# Best 9mm non-hollow point defense ammo (NJ)



## Bisley44 (Sep 4, 2017)

Looking for recommendations on the best self-defense ammo that is legal in New Jersey. While JHP is legal in the home it's just not worth the legal risk here. I did see a post about 9mm Federal Guard Dog EFMJ but it comes up as unavailable or out of stock. I've checked quite a few sites and the result is always the same... unavailable.


----------



## Blackhawkman (Apr 9, 2014)

Move? west of the Mississippi river?


----------



## berettatoter (Sep 1, 2011)

Bisley44 said:


> Looking for recommendations on the best self-defense ammo that is legal in New Jersey. While JHP is legal in the home it's just not worth the legal risk here. I did see a post about 9mm Federal Guard Dog EFMJ but it comes up as unavailable or out of stock. I've checked quite a few sites and the result is always the same... unavailable.


Have you looked around any gun stores? The sell Guard Dog ammo around my parts.


----------



## sudo (Aug 29, 2017)

Buffalobore has a hardcast lead flat point load you might want to look at.

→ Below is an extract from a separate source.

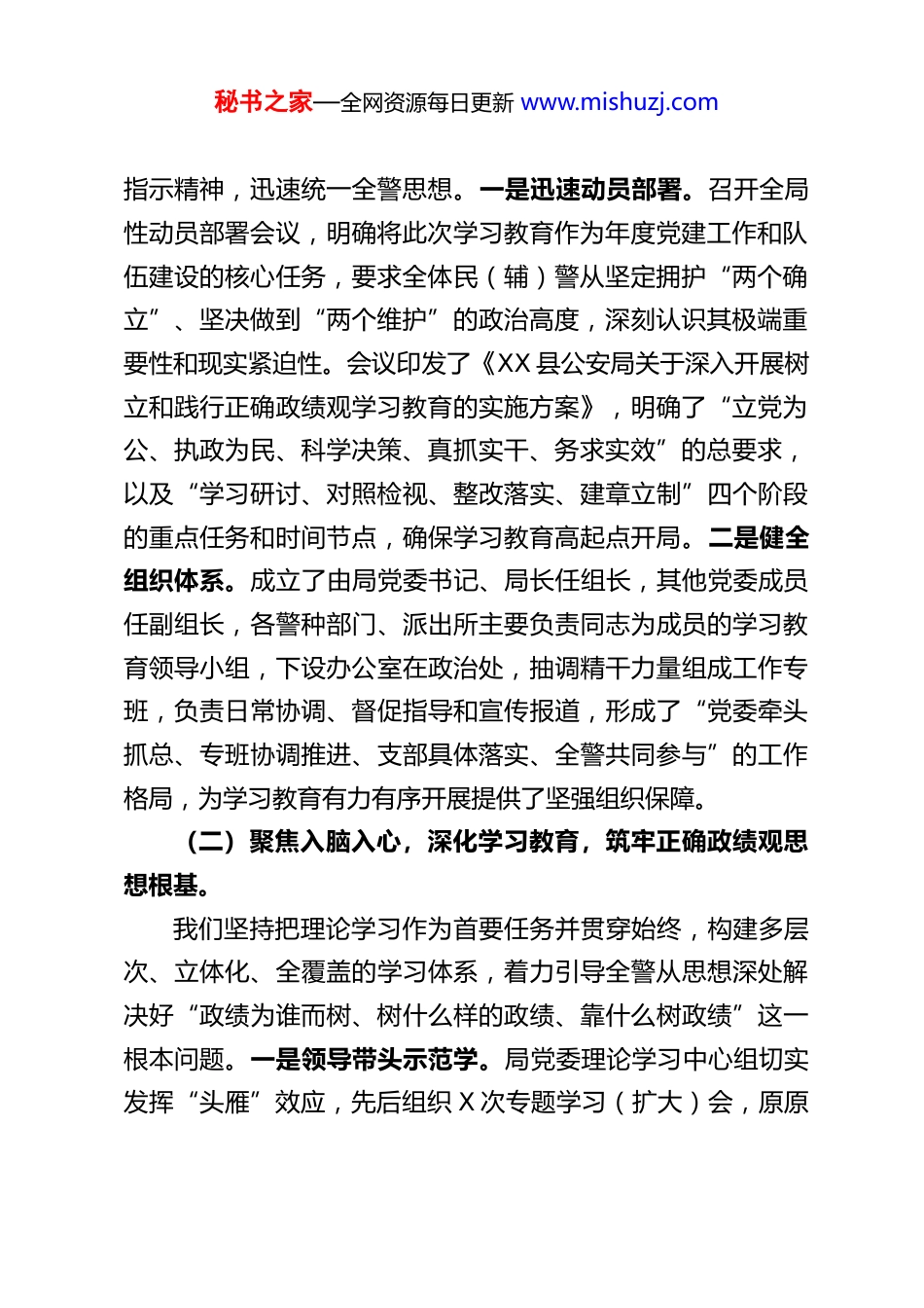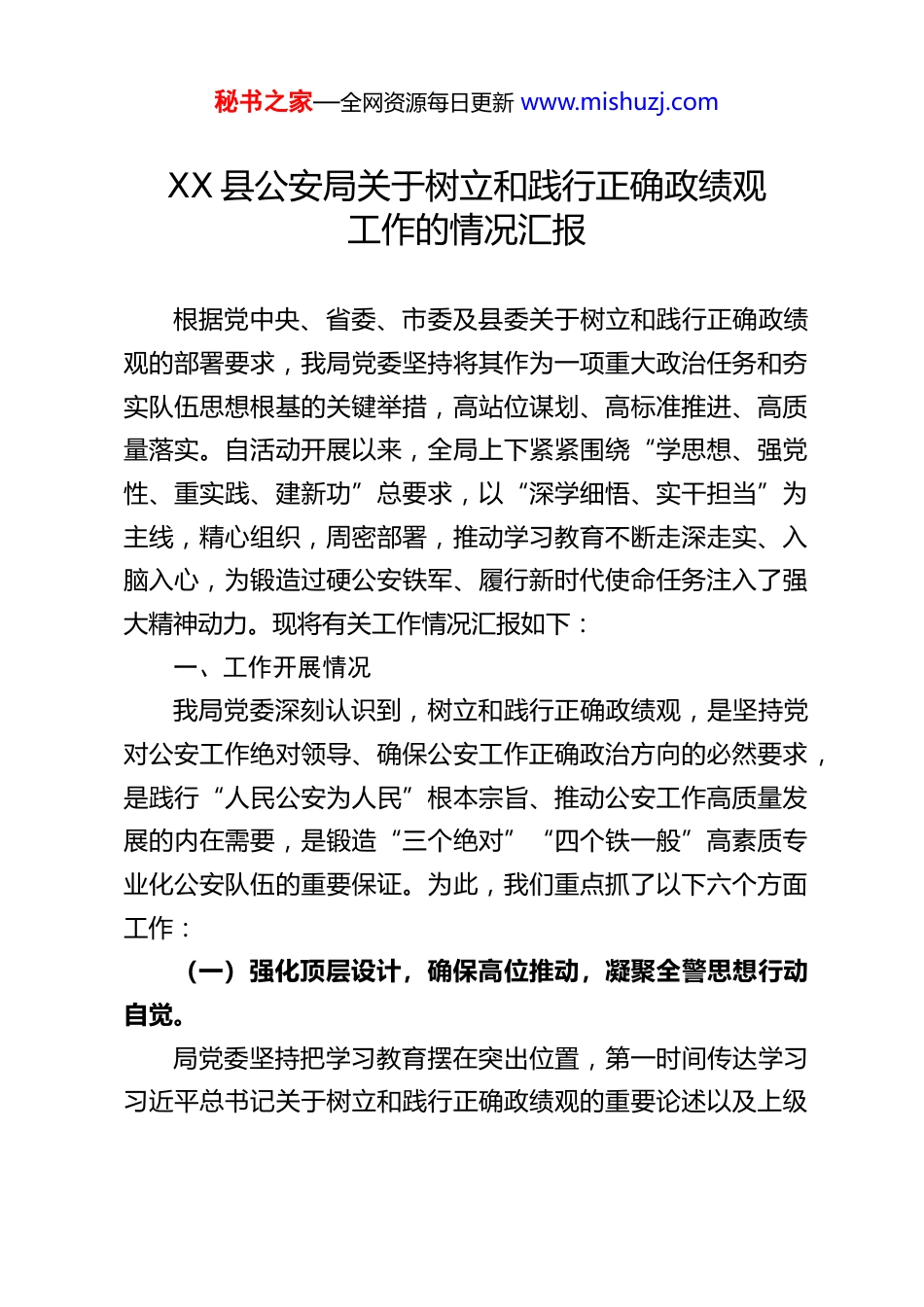 秘书之家—全网资源每日更新 www.mishuzj.comXX 县公安局关于树立和践行正确政绩观工作的情况汇报根据党中央、省委、市委及县委关于树立和践行正确政绩观的部署要求,我局党委坚持将其作为一项重大政治任务和夯实队伍思想根基的关键举措,高站位谋划、高标准推进、高质量落实。自活动开展以来,全局上下紧紧围绕“学思想、强党性、重实践、建新功”总要求,以“深学细悟、实干担当”为主线,精心组织,周密部署,推动学习教育不断走深走实、入脑入心,为锻造过硬公安铁军、履行新时代使命任务注入了强大精神动力。现将有关工作情况汇报如下:一、工作开展情况我局党委深刻认识到,树立和践行正确政绩观,是坚持党对公安工作绝对领导、确保公安工作正确政治方向的必然要求,是践行“人民公安为人民”根本宗旨、推动公安工作高质量发展的内在需要,是锻造“三个绝对”“四个铁一般”高素质专业化公安队伍的重要保证。为此,我们重点抓了以下六个方面工作:(一)强化顶层设计,确保高位推动,凝聚全警思想行动自觉。局党委坚持把学习教育摆在突出位置,第一时间传达学习习近平总书记关于树立和践行正确政绩观的重要论述以及上级秘书之家—全网资源每日更新 www.mishuzj.com指示精神,迅速统一全警思想。一是迅速动员部署。召开全局性动员部署会议,明确将此次学习教育作为年度党建工作和队伍建设的核心任务,要求全体民(辅)警从坚定拥护“两个确立”、坚决做到“两个维护”的政治高度,深刻认识其极端重要性和现实紧迫性。会议印发了《XX 县公安局关于深入开展树立和践行正确政绩观学习教育的实施方案》,明确了“立党为公、执政为民、科学决策、真抓实干、务求实效”的总要求,以及“学习研讨、对照检视、整改落实、建章立制”四个阶段的重点任务和时间节点,确保学习教育高起点开局。二是健全组织体系。成立了由局党委书记、局长任组长,其他党委成员任副组长,各警种部门、派出所主要负责同志为成员的学习教育领导小组,下设办公室在政治处,抽调精干力量组成工作专班,负责日常协调、督促指导和宣传报道,形成了“党委牵头抓总、专班协调推进、支部具体落实、全警共同参与”的工作格局,为学习教育有力有序开展提供了坚强组织保障。(二)聚焦入脑入心,深化学习教育,筑牢正确政绩观思想根基。我们坚持把理论学习作为首要任务并贯穿始终,构建多层次、立体化、全覆盖的学习体系,着力引导全警从思想深处解决好“政绩为谁而树、树什么样的政绩、靠什么树政绩”这一根本问题。一是领导带头示范学。局党委理论学习中心组切实发挥“头雁”效应,先后组织 X 次专题学习(扩大)会,原原秘书之家—全网资源每日更新 www.mishuzj.com本本、逐字逐句学习《习近平关于树立和践行正确政绩观论述摘编》等指定学习材料,并结合分管领域和公安工作实际开展深入研讨。党委成员带头撰写学习体会、带头参加支部活动、带头讲授专题党课,以“关键少数”带动“绝大多数”。二是举办读书班集中学。集中时间、集中精力,举办了为期 X 天的专题读书班,组织局领导班子成员、四级高级警长以上职级干部、各警种部门及派出所主要负责人,静下心来读原著、学原文、悟原理。读书班通过专家辅导、观看专题片、分组研讨、交流发言等多种形式,引导参学人员深刻领悟正确政绩观的科学内涵、精神实质和实践要求,达到了相互启发、共同提高的目的。目前,此项工作已按计划完成,取得了良好效果。三是支部全员覆盖学。各党支部充分发挥战斗堡垒作用,依托“三会一课”、主题党日、周学习例会等载体,采取“集中学习+个人自学”“线上推送+线下研讨”相结合的方式,组织全体民(辅)警开展学习。为增强学习效果,我们编印了《学习资料汇编》,利用“学习强国”、公安网络学院等线上平台推送学习内容,并组织开展知识测试、主题征文、演讲比赛等活动,营造了浓厚的学习氛围,确保了学习教育不漏一人、不留死角,有效延伸至“神经末梢”。(三)坚持问题导向,深入查摆整改,着力纠治政绩观偏差。我们坚持把发现问题、解决问题作为学习教育的出发点和秘书之家—全网资源每日更新 www.mishuzj.com落脚点,...

Also, maybe Hornady Critical Defense might not count as hollow point given the red insert thingy.


----------



## win231 (Aug 5, 2015)

I would keep one important issue in mind: Reliability. Most hollow-point ammo has a rounded nose similar to FMJ. That's what ensures reliable feeding. A flat-nosed bullet may cause malfunctions & you don't want to be clearing malfunctions in an emergency. Reliability is more important than stopping power, so if I couldn't use JHP, I'd use FMJ.


----------